INSTRUCTIONS TO FOLLOW:
Only the lines below from the one that holds "Manufacturers & Repairer" through the one that holds "Custom White Royal-Red" should appear in the answer, copied exactly, end lines included and pictures omitted.

INFORMATION:
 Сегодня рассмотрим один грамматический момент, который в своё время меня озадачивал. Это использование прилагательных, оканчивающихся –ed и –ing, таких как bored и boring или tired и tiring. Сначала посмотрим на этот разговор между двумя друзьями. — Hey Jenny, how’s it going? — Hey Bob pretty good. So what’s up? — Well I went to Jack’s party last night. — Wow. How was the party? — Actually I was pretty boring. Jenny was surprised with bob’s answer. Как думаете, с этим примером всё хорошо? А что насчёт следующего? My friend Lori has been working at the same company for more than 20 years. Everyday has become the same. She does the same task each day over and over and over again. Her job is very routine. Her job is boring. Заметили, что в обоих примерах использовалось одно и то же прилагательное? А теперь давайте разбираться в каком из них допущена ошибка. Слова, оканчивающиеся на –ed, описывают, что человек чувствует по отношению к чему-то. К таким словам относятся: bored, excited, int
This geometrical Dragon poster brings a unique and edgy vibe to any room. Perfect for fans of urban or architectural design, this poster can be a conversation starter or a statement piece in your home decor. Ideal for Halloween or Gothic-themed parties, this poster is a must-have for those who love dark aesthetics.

==

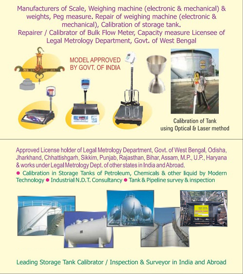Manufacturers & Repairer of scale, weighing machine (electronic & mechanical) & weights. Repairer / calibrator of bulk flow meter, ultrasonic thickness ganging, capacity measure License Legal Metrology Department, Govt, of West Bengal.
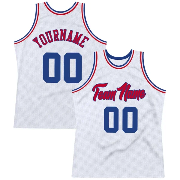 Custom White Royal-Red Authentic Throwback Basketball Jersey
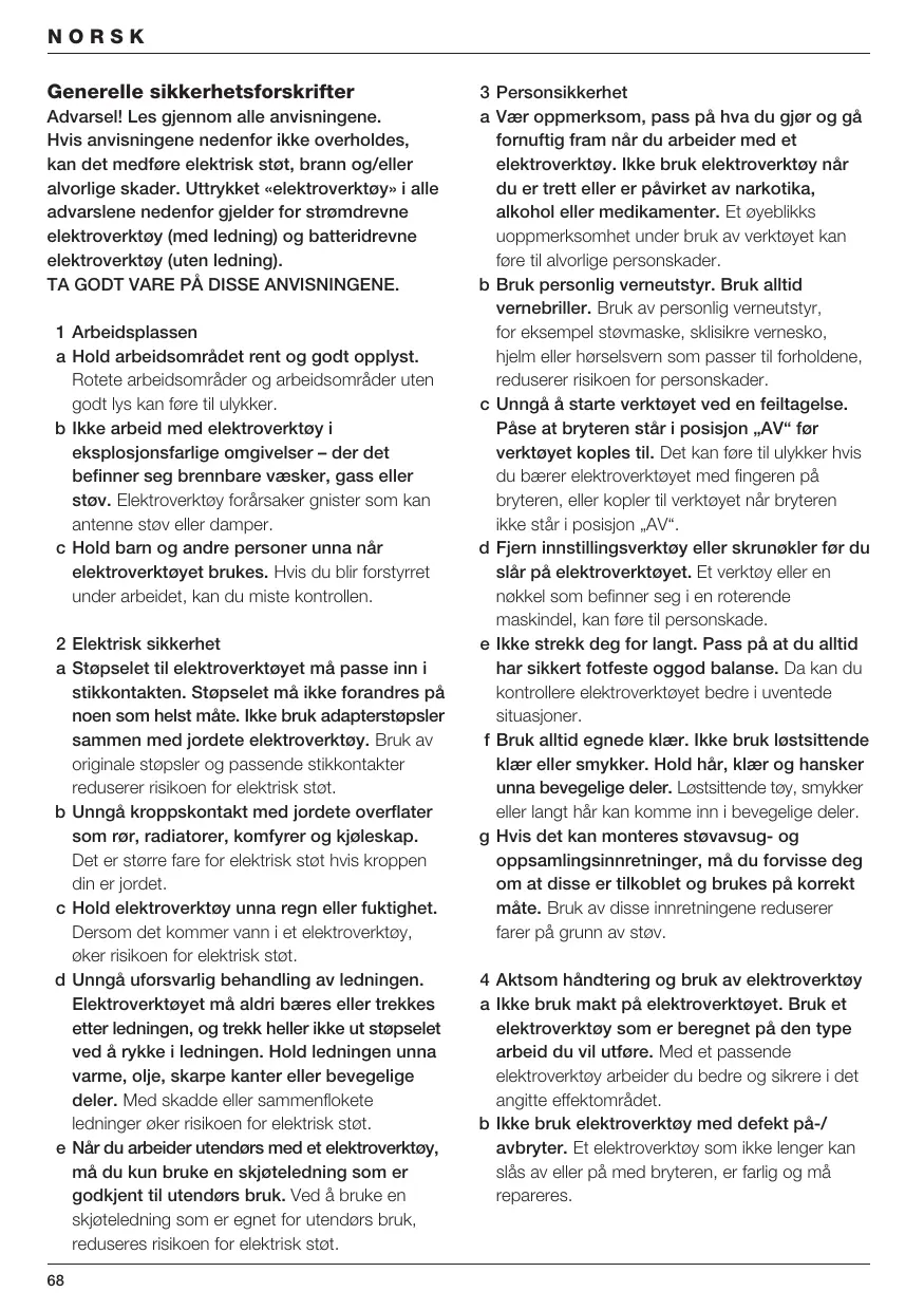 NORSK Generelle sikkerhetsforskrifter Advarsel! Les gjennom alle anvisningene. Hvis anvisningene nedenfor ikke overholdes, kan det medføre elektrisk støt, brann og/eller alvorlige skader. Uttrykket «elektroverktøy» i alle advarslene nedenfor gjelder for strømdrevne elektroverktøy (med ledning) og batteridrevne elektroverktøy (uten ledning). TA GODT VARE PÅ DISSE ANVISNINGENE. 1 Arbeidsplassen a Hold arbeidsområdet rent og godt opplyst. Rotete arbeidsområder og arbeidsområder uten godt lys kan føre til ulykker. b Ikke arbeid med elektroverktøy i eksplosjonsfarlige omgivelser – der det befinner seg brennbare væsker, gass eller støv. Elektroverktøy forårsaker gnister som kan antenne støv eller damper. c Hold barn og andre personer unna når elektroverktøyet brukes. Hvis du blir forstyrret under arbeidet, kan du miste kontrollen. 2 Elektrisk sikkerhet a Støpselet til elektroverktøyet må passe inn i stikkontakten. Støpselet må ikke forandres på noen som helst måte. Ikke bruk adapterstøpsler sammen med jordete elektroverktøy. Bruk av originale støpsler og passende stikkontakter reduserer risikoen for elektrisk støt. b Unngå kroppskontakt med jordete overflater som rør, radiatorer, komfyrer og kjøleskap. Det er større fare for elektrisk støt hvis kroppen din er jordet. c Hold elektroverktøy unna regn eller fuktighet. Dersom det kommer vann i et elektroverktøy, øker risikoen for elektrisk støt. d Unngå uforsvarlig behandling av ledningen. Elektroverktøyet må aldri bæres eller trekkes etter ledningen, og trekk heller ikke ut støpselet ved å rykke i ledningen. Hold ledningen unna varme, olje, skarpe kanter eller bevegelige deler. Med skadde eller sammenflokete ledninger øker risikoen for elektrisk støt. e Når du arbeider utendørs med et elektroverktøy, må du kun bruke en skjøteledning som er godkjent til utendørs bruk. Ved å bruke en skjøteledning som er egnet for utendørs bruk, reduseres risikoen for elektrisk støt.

--

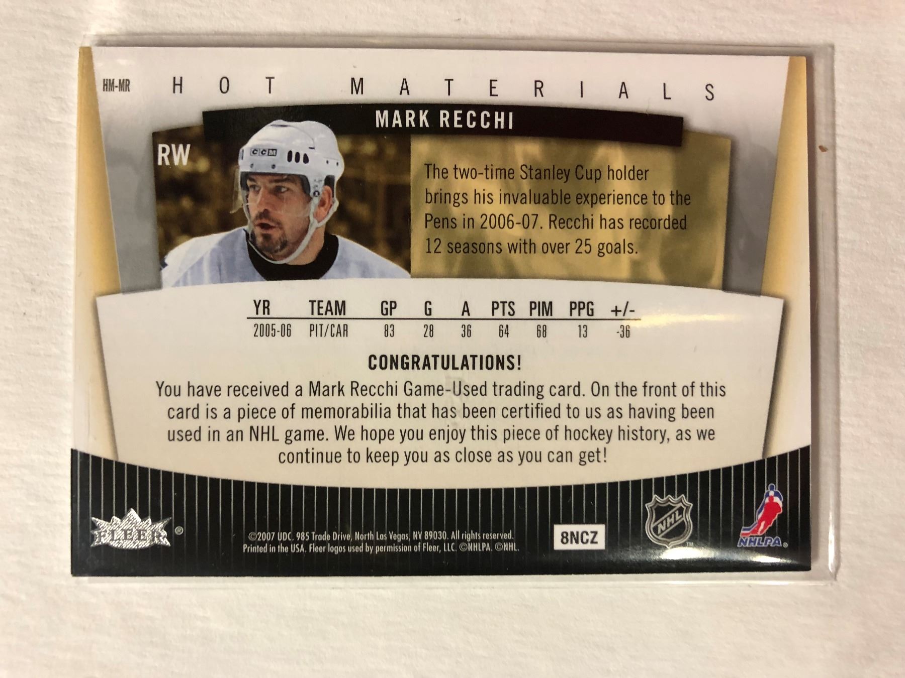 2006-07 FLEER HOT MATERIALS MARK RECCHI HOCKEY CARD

WRITTEN ANSWER:
Manufacturers & Repairer of scale, weighing machine (electronic & mechanical) & weights. Repairer / calibrator of bulk flow meter, ultrasonic thickness ganging, capacity measure License Legal Metrology Department, Govt, of West Bengal.
 Custom White Royal-Red Authentic Throwback Basketball Jersey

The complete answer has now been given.